Apply Purview Sensitivity Labels to OneDrive Sites

This document explains how an admin can enable Microsoft Purview Information Protection (PIP) Sensitivity Labels. on User OneDrive sites. Applying a Sensitivity Label to OneDrive sites enables the use of a Default Sharing Policy when a user shares items that do not have a label or tag applied to it. This integration provides organizations more granularity with data protection in OneDrive while enabling users to share content with appropriate guard rails in place. At a high level, the steps to enable the feature are:

REQUIREMENT:
The Person performing these steps must have an administrator role assignment of SharePoint Administator and Compliance Administator roles, or the Global Administator role in the destination M365 tenant.

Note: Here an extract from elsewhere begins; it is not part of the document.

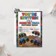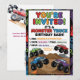 A cool Birthday theme with monster trucks! You can personalize this invitation with your own details.

Overview of OneDrive Sensitivity Label Feature

Organizations who apply Microsoft Sensitivity Labels to their SharePoint and Teams sites benefit from the advanced Governance capabilities, such as automatic policy enforcement. Up to this point Microsoft has only allowed organizations to apply Sensitivity Labels to SharePoint Site containers, however recently they have added a way to apply a Label to user OneDrive Sites. eShare is able to take advantage of labels applied to user OneDrive sites, and enforce the Sharing Policy assigned to the Label when sharing unlabeled files/folders.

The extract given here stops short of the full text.